Step-down converters have no direct path from input to output during shutdown, but the step-up configuration has a DC path (via the inductor and output diode) at all times, including shutdown. Be aware that step-up converters have no current limit in the event of a shorted output. The solar panel is current-limited, so the main worry in such cases is probably a shorted battery, which may require other means of circuit protection.
The Battery Interface
An inspection of the converter's output side raises some other issues. The desired output voltage is not constant but depends on the battery's charge condition. When charging, you always want to apply a fast charge
unless the battery is already fully charged. During fast charge, the converter operates as a current source, forwarding inductor energy to the battery without checking the output voltage. The battery's fast-charge-current requirement should therefore determine the values for the inductor and for the FET's current-sense resistor.
Terminating a fast charge is difficult for at least two reasons. After reaching a certain battery voltage, the above burst-conversion scheme does not hint at when the next conversion cycle will occur. If it occurs within milliseconds, you should probably stop the fast charge. If it occurs within hours or days (when sunlight is scarce), the fast charge should continue, because the battery can otherwise drain long before the next cycle. The other difficulty stems from charge current arriving in infrequent bursts: You can't detect a zero or negative dV/dt under this condition.
One approach applicable to both lead-acid and NiCd batteries is to monitor the output voltage with another comparator, disabling switching when the voltage reaches a high limit and enabling it when the voltage declines below a predetermined level. A third level of detection could also enable a float-current (trickle) charge of the battery (Figure 3
). When charging a discharged battery, the circuit applies full fast-charge current until the voltage reaches its upper limit. The circuit then disables switching until the voltage reaches the next-lowest (middle) limit, whereupon it enables the trickle charge. Trickle charging continues until the voltage reaches its upper limit (turning off the switching) or its lower limit (enabling the fast charge again).

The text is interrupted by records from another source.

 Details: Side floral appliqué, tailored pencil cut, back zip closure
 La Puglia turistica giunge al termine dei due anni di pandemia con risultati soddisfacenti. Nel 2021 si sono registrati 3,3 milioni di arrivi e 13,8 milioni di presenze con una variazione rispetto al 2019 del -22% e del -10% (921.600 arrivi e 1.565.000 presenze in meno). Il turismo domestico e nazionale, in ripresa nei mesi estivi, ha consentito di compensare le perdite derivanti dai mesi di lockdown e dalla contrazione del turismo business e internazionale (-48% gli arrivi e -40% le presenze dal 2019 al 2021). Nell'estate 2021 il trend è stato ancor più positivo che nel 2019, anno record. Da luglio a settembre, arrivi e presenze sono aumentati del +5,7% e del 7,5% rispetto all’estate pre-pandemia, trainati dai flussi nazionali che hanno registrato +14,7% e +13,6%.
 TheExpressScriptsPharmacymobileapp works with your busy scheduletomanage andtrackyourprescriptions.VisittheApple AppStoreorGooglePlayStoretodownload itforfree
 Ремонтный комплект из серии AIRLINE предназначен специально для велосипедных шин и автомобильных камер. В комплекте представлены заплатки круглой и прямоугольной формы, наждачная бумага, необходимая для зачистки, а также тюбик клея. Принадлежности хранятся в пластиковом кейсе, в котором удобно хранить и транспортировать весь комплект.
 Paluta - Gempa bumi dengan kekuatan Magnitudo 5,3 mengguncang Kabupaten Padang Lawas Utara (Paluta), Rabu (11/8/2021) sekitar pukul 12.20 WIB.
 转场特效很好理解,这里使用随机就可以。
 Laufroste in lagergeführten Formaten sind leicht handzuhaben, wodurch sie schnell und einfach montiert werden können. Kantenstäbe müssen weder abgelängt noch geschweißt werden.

Figure 3. The DC/DC converter enables a solar panel to charge a rechargeable battery (a). Comparator-generated signals enable the circuit to control the charging current (b).
A dual comparator with hysteresis controls the converter shutdown and the selection of fast charge versus trickle charge. To prevent discharge of the battery when the solar-panel voltage goes to zero, you should design the comparator circuit not to load the battery via its supply terminal or the external resistive divider. You can control the converter shutdown from either the output comparator or the input comparator when solar-panel voltage is low, and this capability may require additional logic.
The circuit in Figure 4
, which charges a three-cell battery from a seven-cell solar panel, illustrates the above ideas. The battery voltage at discharge is greater than 3.0V, and the optimum solar-panel output is 2.9V (3.8V maximum), so the circuit requires converter (IC1
). The dual comparator controls shutdown and charge termination. IC2A
directly controls shutdown, holding the converter in shutdown until the solar panel charges C1
to 2.9V. The converter then becomes active, and hysteresis allows the operation to continue until the voltage drops below 2.5V. While on, the converter delivers its full output current, subject only to the internal current limit.

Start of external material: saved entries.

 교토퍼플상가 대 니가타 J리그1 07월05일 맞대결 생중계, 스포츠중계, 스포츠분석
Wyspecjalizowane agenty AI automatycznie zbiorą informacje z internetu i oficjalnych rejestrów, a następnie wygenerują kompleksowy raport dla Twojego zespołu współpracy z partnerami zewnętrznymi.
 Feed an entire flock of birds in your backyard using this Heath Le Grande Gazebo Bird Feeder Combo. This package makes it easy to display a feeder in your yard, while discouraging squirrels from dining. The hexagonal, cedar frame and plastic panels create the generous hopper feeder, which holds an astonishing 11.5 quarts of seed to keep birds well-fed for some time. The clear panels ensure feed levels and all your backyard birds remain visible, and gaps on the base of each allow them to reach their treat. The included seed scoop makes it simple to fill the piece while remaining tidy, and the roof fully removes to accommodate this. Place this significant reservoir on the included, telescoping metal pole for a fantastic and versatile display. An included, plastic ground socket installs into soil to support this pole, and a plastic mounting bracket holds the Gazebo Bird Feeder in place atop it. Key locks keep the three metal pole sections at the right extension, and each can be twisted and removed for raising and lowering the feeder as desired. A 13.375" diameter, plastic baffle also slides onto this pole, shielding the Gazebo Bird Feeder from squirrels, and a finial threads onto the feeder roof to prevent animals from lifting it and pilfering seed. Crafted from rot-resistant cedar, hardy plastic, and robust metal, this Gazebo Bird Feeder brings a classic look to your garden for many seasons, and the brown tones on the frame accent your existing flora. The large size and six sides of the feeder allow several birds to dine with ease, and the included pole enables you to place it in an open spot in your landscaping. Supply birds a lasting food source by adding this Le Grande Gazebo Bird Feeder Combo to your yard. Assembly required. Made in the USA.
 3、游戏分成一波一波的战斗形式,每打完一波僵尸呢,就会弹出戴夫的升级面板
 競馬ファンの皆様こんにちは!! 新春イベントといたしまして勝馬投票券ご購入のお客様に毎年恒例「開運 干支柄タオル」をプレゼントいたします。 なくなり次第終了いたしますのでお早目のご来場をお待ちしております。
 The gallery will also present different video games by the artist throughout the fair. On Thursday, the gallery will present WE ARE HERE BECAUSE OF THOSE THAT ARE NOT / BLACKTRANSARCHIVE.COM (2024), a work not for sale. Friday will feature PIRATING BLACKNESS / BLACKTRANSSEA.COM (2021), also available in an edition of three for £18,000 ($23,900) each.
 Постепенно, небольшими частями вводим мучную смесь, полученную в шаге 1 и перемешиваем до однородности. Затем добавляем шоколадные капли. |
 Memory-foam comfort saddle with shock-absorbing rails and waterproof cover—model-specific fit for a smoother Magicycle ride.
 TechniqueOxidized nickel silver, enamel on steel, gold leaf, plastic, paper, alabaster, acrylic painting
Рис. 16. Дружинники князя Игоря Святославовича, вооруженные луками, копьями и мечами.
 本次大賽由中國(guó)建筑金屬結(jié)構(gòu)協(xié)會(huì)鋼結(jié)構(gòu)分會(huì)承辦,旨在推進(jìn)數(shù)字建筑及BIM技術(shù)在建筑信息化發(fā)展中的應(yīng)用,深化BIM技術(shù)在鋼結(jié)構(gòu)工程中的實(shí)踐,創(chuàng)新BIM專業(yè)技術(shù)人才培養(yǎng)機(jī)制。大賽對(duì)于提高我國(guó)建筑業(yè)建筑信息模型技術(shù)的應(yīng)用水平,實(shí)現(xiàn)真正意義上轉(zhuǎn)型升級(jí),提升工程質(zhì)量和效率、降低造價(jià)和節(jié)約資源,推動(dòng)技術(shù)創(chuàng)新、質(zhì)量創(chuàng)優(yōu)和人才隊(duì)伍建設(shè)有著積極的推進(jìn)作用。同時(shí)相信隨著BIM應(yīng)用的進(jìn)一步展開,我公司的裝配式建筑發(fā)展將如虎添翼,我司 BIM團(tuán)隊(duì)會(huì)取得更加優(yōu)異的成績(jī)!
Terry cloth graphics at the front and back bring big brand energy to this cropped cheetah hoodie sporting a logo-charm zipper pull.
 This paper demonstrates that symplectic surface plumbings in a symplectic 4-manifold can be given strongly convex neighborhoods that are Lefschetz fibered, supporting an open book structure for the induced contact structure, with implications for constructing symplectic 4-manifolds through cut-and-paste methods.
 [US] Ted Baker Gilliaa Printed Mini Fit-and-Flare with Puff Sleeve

Figure 4. This circuit enables a seven-cell solar panel to charge a three-cell NiCd battery.
Regulation first begins when the battery voltage reaches 5.0V, but the output comparator (IC2B
) terminates the charge cycle at 4.6V. The design handles termination not by controlling the shutdown pin, which requires additional logic, but by the unconventional approach of driving the 3/5V-select pin high. Because the output is at 4.6V, selecting a 3V output (actually 3.3V) causes the converter to turn off. Again, comparator hysteresis ensures that the converter remains off until the battery voltage decreases to 4V. It then resumes operation, providing a simple form of idle charging that does not overcharge the battery.
Because the converter shuts down when the solar-panel output is low, the battery-discharge current (the sum of converter-shutdown current, comparator-supply current, R7
current, and reverse current from the Schottky diode) is minimal. The Schottky reverse current is 5µA typical at 25°C and 50µA or higher at 50°C, which is too high for some applications. For those, you can substitute a switching diode, such as the 1N4148, at the expense of slightly lower converter efficiency. You should avoid taking the output lower than the input, as with all step-up converters. In this case, an overload or shorted battery cell can cause an uncontrolled DC current flow from the solar panel through the inductor and diode to the output. In most cases, however, current limiting in the solar panel allows the battery to simply recharge to 3V without damage to the inductor.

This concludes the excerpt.